The material below has pictures in it. Set down only the lines from the line containing "- Sữa Chống" through the line containing "When you get", word for word, and leave the pictures behind.

## Exercise materials
++++++++++++++++++++

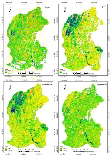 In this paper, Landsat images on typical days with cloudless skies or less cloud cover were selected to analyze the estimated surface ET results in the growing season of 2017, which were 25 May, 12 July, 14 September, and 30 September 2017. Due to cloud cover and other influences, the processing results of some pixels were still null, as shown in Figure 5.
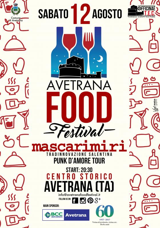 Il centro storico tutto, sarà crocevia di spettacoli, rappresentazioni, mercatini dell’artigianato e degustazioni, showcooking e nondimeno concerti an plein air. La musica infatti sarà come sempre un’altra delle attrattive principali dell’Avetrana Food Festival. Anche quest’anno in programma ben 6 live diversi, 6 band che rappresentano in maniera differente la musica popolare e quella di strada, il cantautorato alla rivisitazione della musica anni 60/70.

++++++++++++++++++++

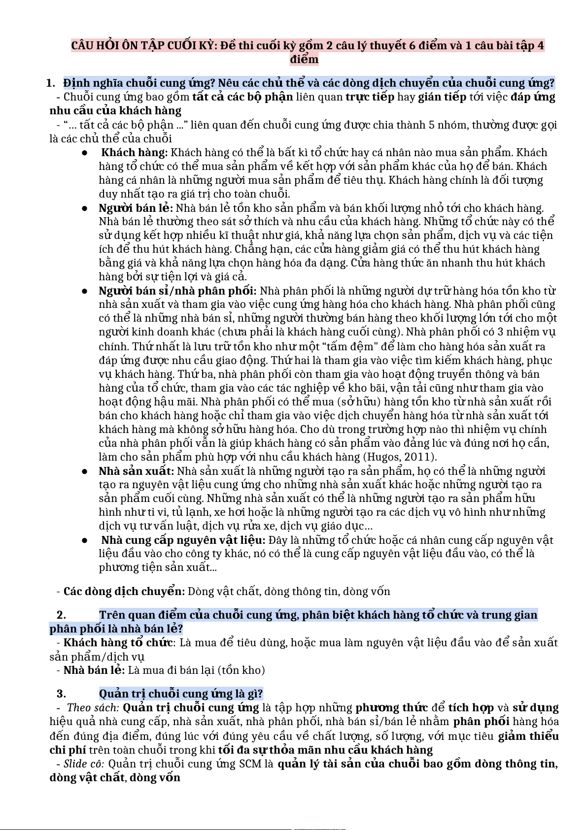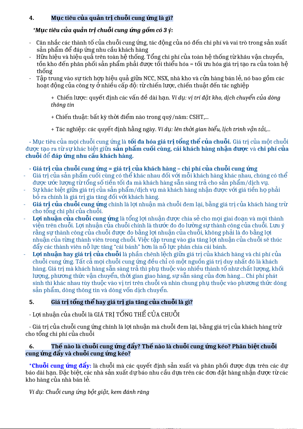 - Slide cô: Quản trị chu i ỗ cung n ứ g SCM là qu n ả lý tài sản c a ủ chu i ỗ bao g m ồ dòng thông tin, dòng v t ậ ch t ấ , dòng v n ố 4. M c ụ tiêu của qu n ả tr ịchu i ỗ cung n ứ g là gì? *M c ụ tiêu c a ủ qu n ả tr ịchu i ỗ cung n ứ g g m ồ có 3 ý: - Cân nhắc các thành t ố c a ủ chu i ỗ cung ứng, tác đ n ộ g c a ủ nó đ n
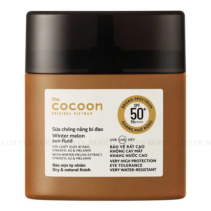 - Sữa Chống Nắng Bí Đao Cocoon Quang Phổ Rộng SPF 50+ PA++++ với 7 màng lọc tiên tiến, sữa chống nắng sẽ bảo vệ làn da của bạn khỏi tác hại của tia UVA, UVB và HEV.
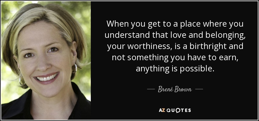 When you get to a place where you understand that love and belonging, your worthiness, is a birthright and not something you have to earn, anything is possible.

++++++++++++++++++++

## Solution
 - Sữa Chống Nắng Bí Đao Cocoon Quang Phổ Rộng SPF 50+ PA++++ với 7 màng lọc tiên tiến, sữa chống nắng sẽ bảo vệ làn da của bạn khỏi tác hại của tia UVA, UVB và HEV.
 When you get to a place where you understand that love and belonging, your worthiness, is a birthright and not something you have to earn, anything is possible.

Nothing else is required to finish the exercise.